At Buurtzorg NL, people are not controlled, but trusted to carry out their profession.

Margriet Bredewold

I agree with your "critique" on the mentioned purpose on what "self-management" is to achieve.

In my view the root-cause for the mechanisms of control is to be found in the fact that organisations, practically at every level, fail to transparently define desired outcomes (so that everyone understands them the same way), to identify the expertise available to them (instead they focus on experience), and, consequently, to create the conditions to utilise this expertise.

Combined with, still, omnipresent hierarchical decision making (where choices made don't have to be substantiated and often can't be contested), there is a lot of organisational risk introduced: people who might or might not be right for the task are working to achieve something not everyone may understand in the same way and directed by people making choices which don't have to be explained and can't be revoked.

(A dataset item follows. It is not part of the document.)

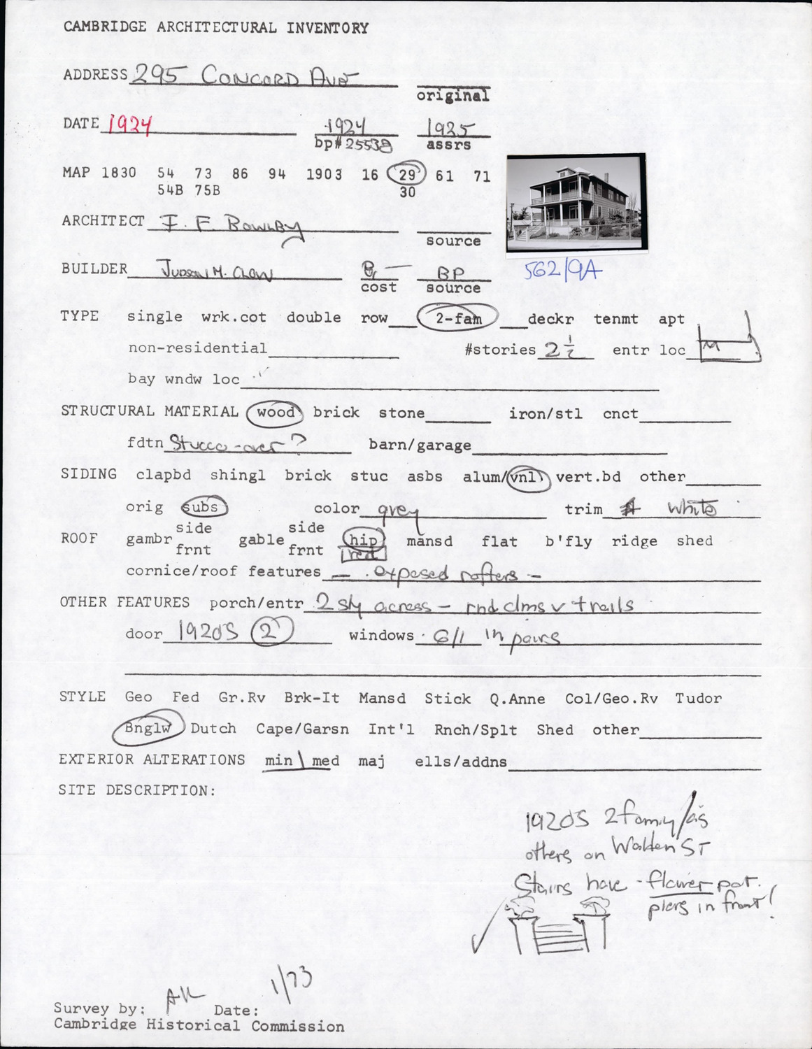 295 Concord Ave - Architectural Inventory Form
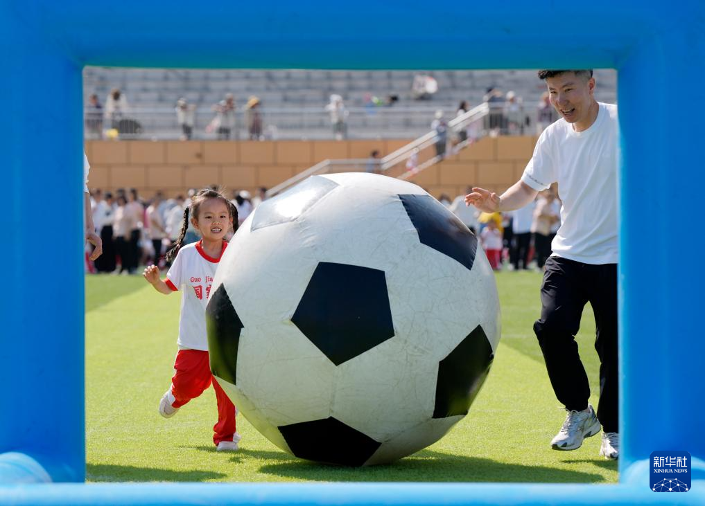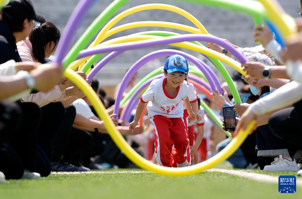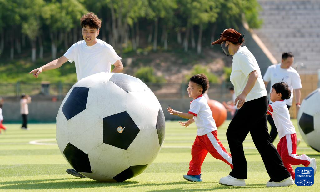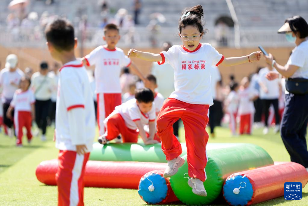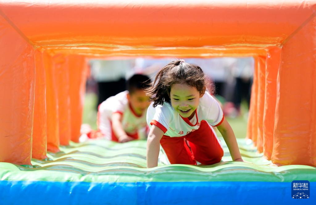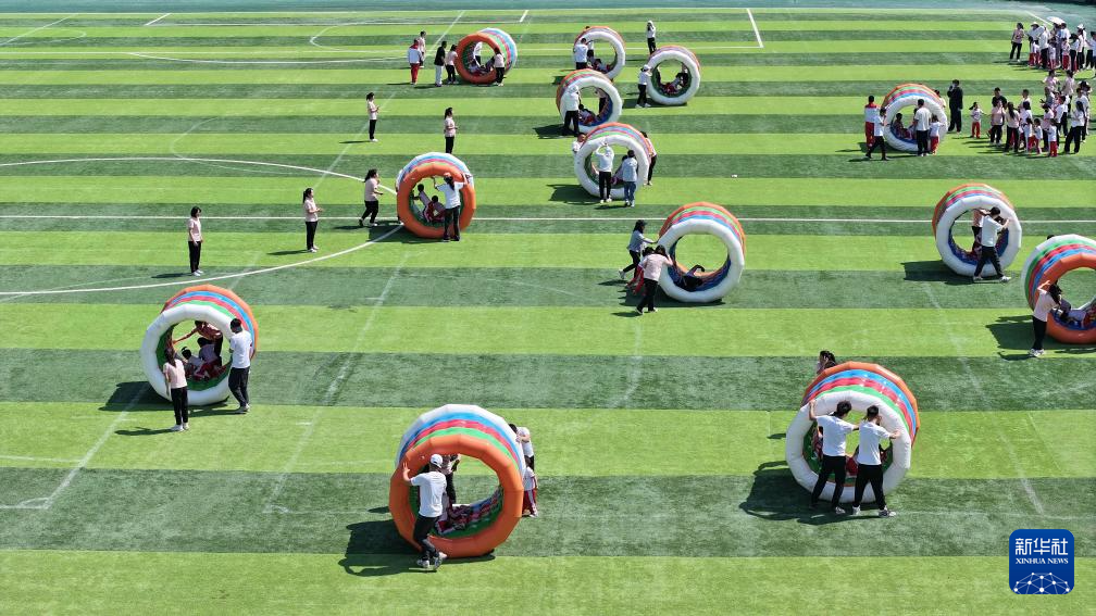 5月27日,家长与孩子们在活动中参与亲子游戏(无人机照片)。

The mechanism of control is therefore only a logical organisational reflex. That these organisations point at "people" needing to be controlled is the case, but also misses the point.

Buurtzorg doesn't have to "trust" its employees. By having a clear purpose, having developed an organisational structure which is able to achieve this purpose, supported by a culture created, sustained and clearly communicated by especially its CEO and its coaches, the conditions are in place for expertise to be optimally utilised.

"Trust", as used here, is merely the extrapolation of proven performance. Buurtzorg's meeting process is crucial, as is its IT platform, as is the unique situation that the team-members have overlapping expertise (similar backgrounds), and that all 1000+ teams are doing more or less the same thing.

Copying Buurtzorg's approach, developed within the NL-context, into a very different context (e.g. UK) is bound to fail.

Self-management with tremendous autonomy isn't the goal. Achieving the organisation's purpose through the optimal utilisation of available expertise is.